Q&A: Ernest Stuart, trombonist

The South Philly musician on his acclaimed new album, the state of jazz, and his iPhone jones

Why trombone?: My mom couldn’t afford a sax, and the band teacher had a tuba and trombone sitting around. And I wasn’t playing tuba.

Most memorable gig: With the Roots last July 4th on the Parkway.

What you wanted to be when you grew up: By 16, I made the decision that, live or die, I would be a musician.

Non-jazz musician you find most inspiring: Jimi Hendrix. It was just the blues, but man …

Number of days it took to record your new album: One.

How that’s even possible: You find the baddest musicians in Philly.

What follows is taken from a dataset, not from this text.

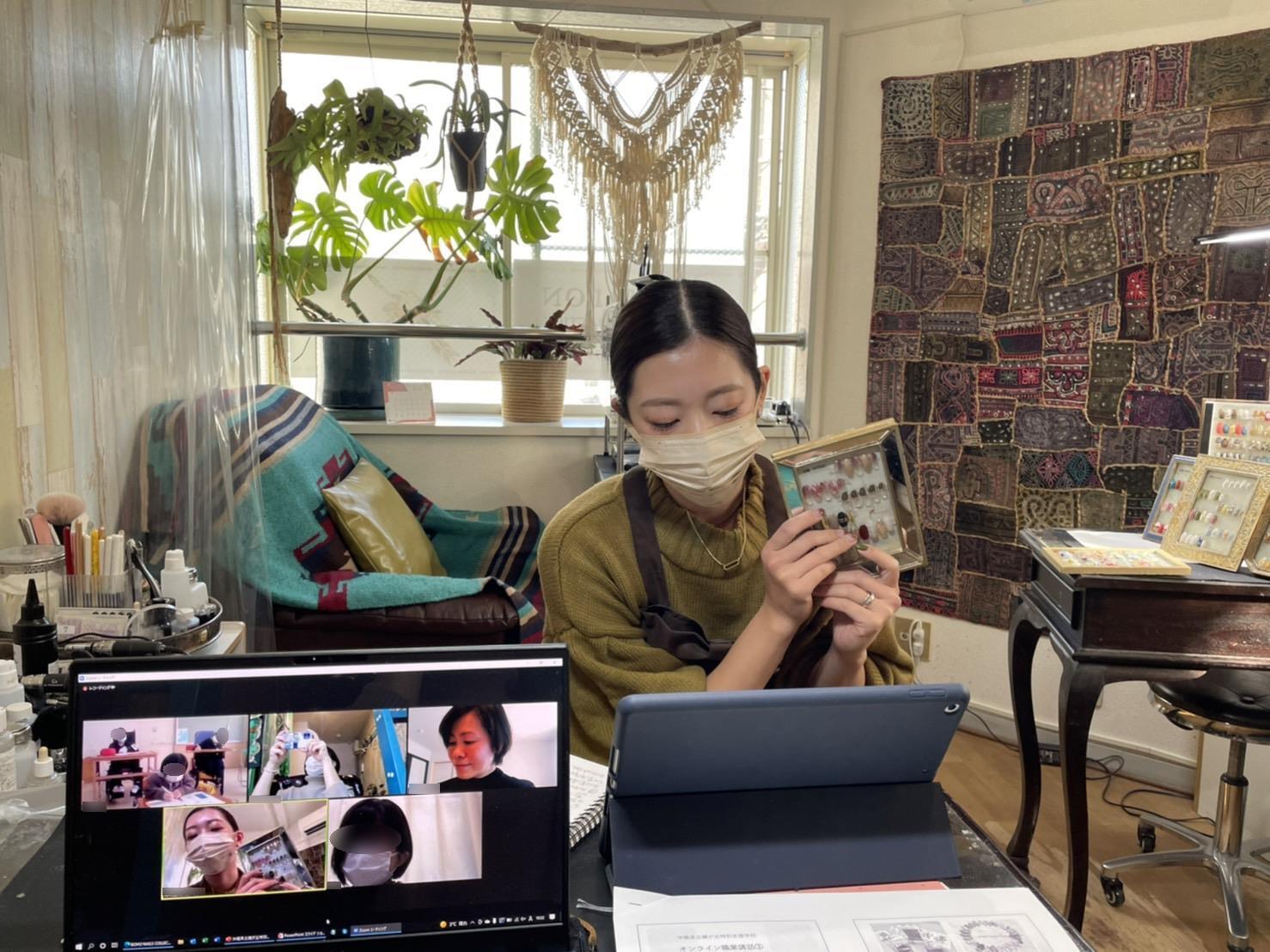今回は運営スタッフもネイルサロンにお邪魔し、中継スタイルで講話を行いました。色鮮やかなネイルの見本を画面越しに見せていただくなど、リアルな現場の雰囲気を味わうことができました!

What you’re doing when not playing music: Taking photos with my iPhone. I do everything on my iPhone. And I’m realizing how photography is so congruous with my music. It’s real. It’s unedited. It’s a snapshot.

Where can we see your pics?: I have a gallery show at Chris’ Jazz Café opening June 3rd.

Is jazz dying?: When people talk about the death of jazz, they’re talking about the death of the connection the music has with people. The music will always be there.

Can the connection be saved?: Traditional jazz goes in a straight line, while society goes on a tangent. People like me are straying closer to the tangent.

Whether you can make a living playing trombone: Unless I’m dreaming right now, yes.

See Stuart play selections from his critically acclaimed debut album, Solitary Walker, on June 10th at Chris’ Jazz Café.